Ceramah Soal Mati Syahid Berujung Laporan Polisi, Jusuf Kalla: Fitnah Lebih Kejam dari Pembunuhan
JAKARTA, iNewsPurwakarta.id – Wakil Presiden ke-10 dan ke-12 RI, Jusuf Kalla, angkat bicara setelah dilaporkan ke polisi atas dugaan penistaan agama. Laporan itu berkaitan dengan pernyataannya soal mati syahid dalam ceramah di Masjid Universitas Gadjah Mada beberapa waktu lalu.
Merespons tudingan tersebut, JK mengaku tengah mempelajari letak persoalan dari laporan yang ditujukan kepadanya. Ia juga menyampaikan doa agar pihak yang melaporkannya mendapat ampunan.

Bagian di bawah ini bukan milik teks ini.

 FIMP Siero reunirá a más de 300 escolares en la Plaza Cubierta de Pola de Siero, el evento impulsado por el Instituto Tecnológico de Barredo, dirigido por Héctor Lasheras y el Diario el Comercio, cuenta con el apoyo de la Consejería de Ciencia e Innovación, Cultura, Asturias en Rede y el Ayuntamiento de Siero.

"Saya sedang mempelajari itu di mana letak (tuduhan). Mudah-mudahan Tuhan Allah memaafkannya, para pemfitnah itu. Wal-fitnatu asyaddu minal-qatl. Fitnah lebih kejam daripada pembunuhan, semua memfitnah saya semua," kata JK dalam konferensi pers di Jakarta, Sabtu (18/4/2026).
Ia menegaskan, penggunaan istilah syahid dalam ceramahnya tidak lepas dari konteks forum yang dihadirinya, yakni jemaah Muslim di masjid lingkungan kampus. Menurutnya, audiens yang hadir merupakan kalangan terbatas dan memahami konteks pembahasan.

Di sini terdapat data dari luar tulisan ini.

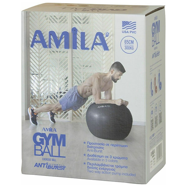 Μπάλα γυμναστικής Amila, κατασκευασμένη από USA PVC με ιδιαίτερη αντοχή, αντιολισθητικότητα και τεχνολογία Antiburst. Η τεχνολογία Antiburst σας προστατεύει σε περίπτωση τρυπήματος της μπάλας να μην τραυματιστείτε από την εκτόνωση του αέρα. Η AMILA GYMBALL μπορεί να χρησιμοποιηθεί εκτός από αξεσουάρ εκγύμνασης σαν καρέκλα στο γραφείο σας, ή στο σπίτι σας. Καθήμενοι σε μια AMILA GYMBALL έχετε καλύτερη στάση σώματος, καλύτερη κυκλοφορία του αίματος, μείωση στους πόνους της μέσης καλύτερη ισορροπία αλλά και εκγύμναση του κορμού και των κοιλιακών λόγω ενεργοποίησης των σταθεροποιητικών μυών. Φέρνοντας σε ισορροπία το σώμα σας, η μπάλα ισορροπίας της AMILA μπορεί να στηρίξει την μέση σας, να μειώσει τον οσφυϊκό πόνο, να βελτιώσει την κινητικότητα, να βελτιώσει την εξάσκηση στο Pilates. Διάμετρος: 75 cm.Αντοχή: 300 Kg.Υλικό: PVC.Πάχος Υλικού: 1.5 mm.Τρόμπα: Ναι.Βάρος: 1700 gr.Χρώμα: Γκρι.Εγγύηση: 2 χρόνια.

"Menjelaskan tentang ceramah saya, ceramah Ramadan, artinya yang hadir cuma orang Muslim di masjid, di kampus, berarti yang hadir orang intelektual, dan lingkungan terbatas, itu dahulu dipahami," ujarnya.
Dalam ceramah tersebut, JK lebih dulu menampilkan video yang menggambarkan konflik di berbagai daerah di Indonesia, seperti Maluku dan Poso. Ia menyebut kondisi konflik saat itu sangat brutal dan tidak lepas dari sentimen agama.